3.2 Data

Data quality and reliability is central to the performance of ML models. Data knowledge and knowledge of the data source are key to determine the usability of data for a given ML algorithm. Only with this knowledge can bias in data collection, measurement and transformation be identified and reduced. Like with any other quantitative modelling, when data is not representative, outcomes tend to be biased. If synthetic data is used, it has to be guaranteed, that this does not introduce model bias.

Another key data quality is its representativeness. Issues with representativeness may arise in multiple ways: * Characteristics that are significant for model development are not sufficiently represented in the data (e.g. because of sampling or coverage bias). In such cases, the model will show poor performance in both development and production.

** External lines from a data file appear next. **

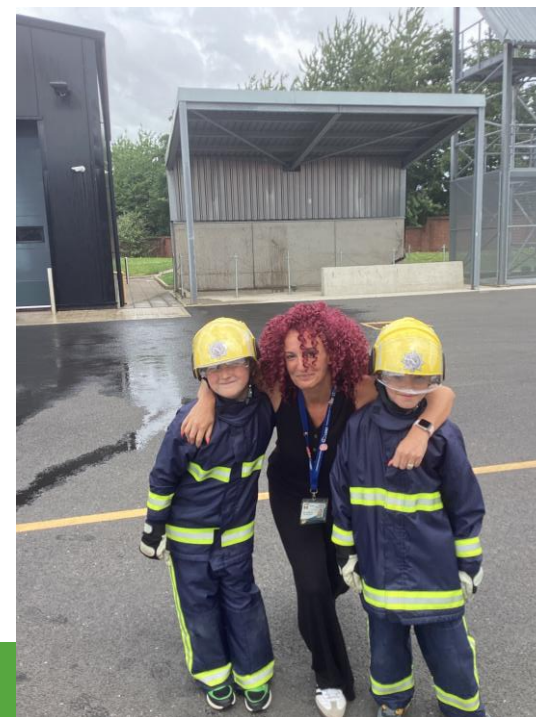
Rescuing Parish staff from the tower!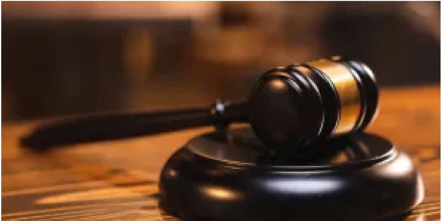
Four Questions About The Opponents Of Judicial Reform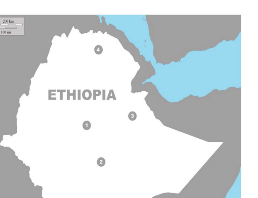
Figure 1. Location of four cities (1: Addis Ababa; 2: Arba Minch; 3: Harar; and 4: Mekelle) in Ethiopia where data were collected on spotted hyenas (1, 3, 4) and human perceptions and beliefs related to humans (2, 3, 4).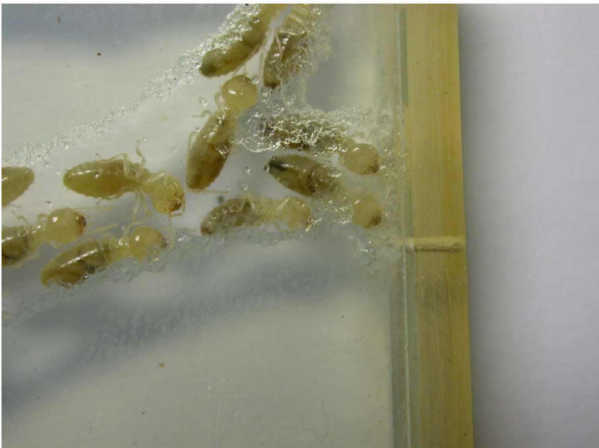
Figure 2 Experimental apparatus to study termite attack on a synthetic barrier material

The large body of work describing biologically active repellent or attractive plant volatiles is in stark contrast to research investigating physical defences of plants (Sanson et al., 2001). What physical characteristics make a material difficult for termites to attack remains largely unanswered. Studies addressing the issue typically investigate the quality of hardness or general material type. It has been suggested that termites will only damage materials less hard than mandibles of termites (Potter, 1997), yet we are unaware of any quantification of termite mandibular hardness and contributing factors. Because mandibular hardness is associated with high concentration of zinc and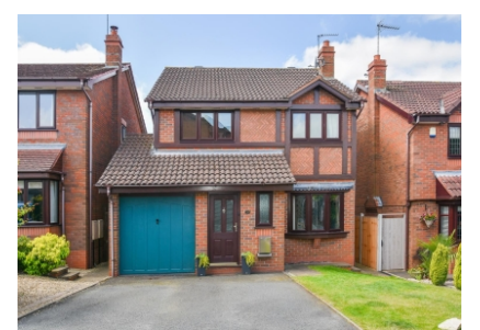
35 Penleigh Gardens, Wombourne, Wolverhampton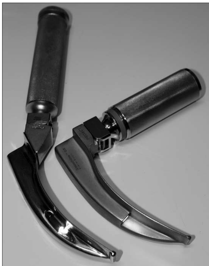
Figure 3. Polio laryngoscope blade and short laryngoscope handle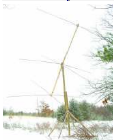
Antenna by Bob Sletten Hi Radio Astronomers,

Big picture wise, the radio astronomy stuff still is finding it footing while leveraging opportunities as they present themselves. One such opportunity involves a relatively easy project next month in conjunction with the Leonid's Meteor shower. In a nutshell, the idea is to try and hear low frequency radiation from meteors, as there is some evidence that meteors make very low frequency (VLF) electromagnetic radiation (See references below). The current issue of S&T magazine proposed an opportunity given the timing of the Leonids to test that theory. The date of the shower is November 18 –19. The predicted peak is 11:45 PM that Saturday night.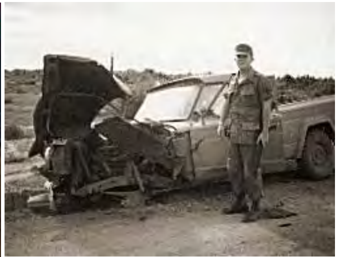
[16] Well... it was a nice ride while it lasted. Where's the BX, anyway?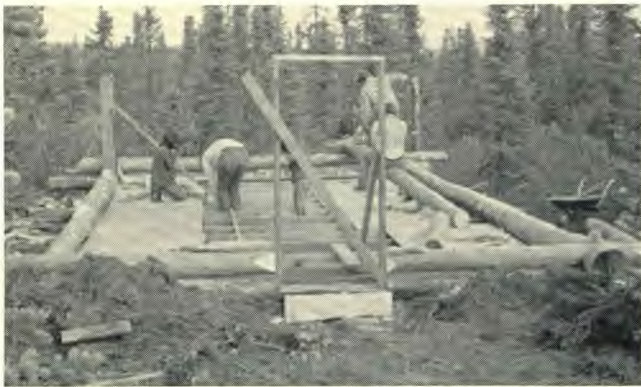
Second day of construction on the Ambler chapel.

The final phase of the project began after a group of interested people got together at the Southcentral Alaska Camp Meeting in August. Glenn Gingery, the Fairbanks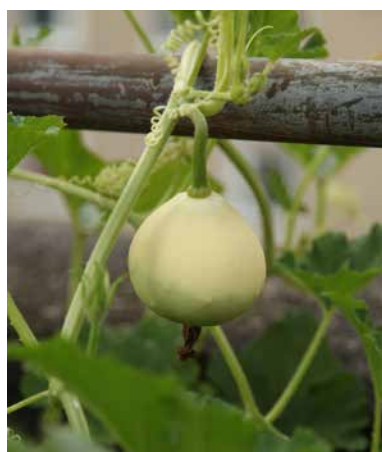
Winter squash on the roof.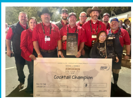
A Winning Charity Cocktail EBT Bearings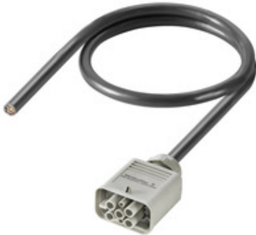
Product similar to illustration

The increasingly networked industrial world goes hand in hand with the modularization of machines and systems. Functions from the control cabinet are increasingly being moved to field level, which drives up the amount of cabling required.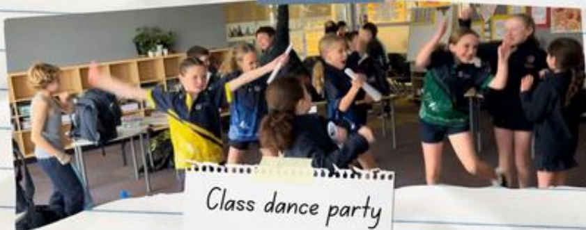
Class dance party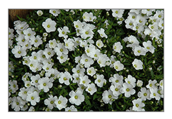
Alpine Baby's Breath in bloom

A low growing variety that is well suited for rock gardens, rock walls, or alpine troughs; a compact mound of rounded green leaves; taller branches are studded with white flowers that may have pink veins; evergreen in milder areas

The model may perform well for characteristics that are represented well in the data, but it may underperform for characteristics that are underrepresented (for example, a facial recognition algorithm trained on data with pictures of a certain ethnicity will perform well for phenotypes sufficiently represented and badly for phenotypes that are underrepresented). Hence, scrutinising data quality for issues that cause problems in regular (statistical) modeling remains important. * Data representativeness is also key during the retraining of a model. If new data is not representative anymore, the model will become biased. * While splitting the data into training, validation and test sets, data representation has to be considered. With upsampling or downsampling, data representativeness can be maintained.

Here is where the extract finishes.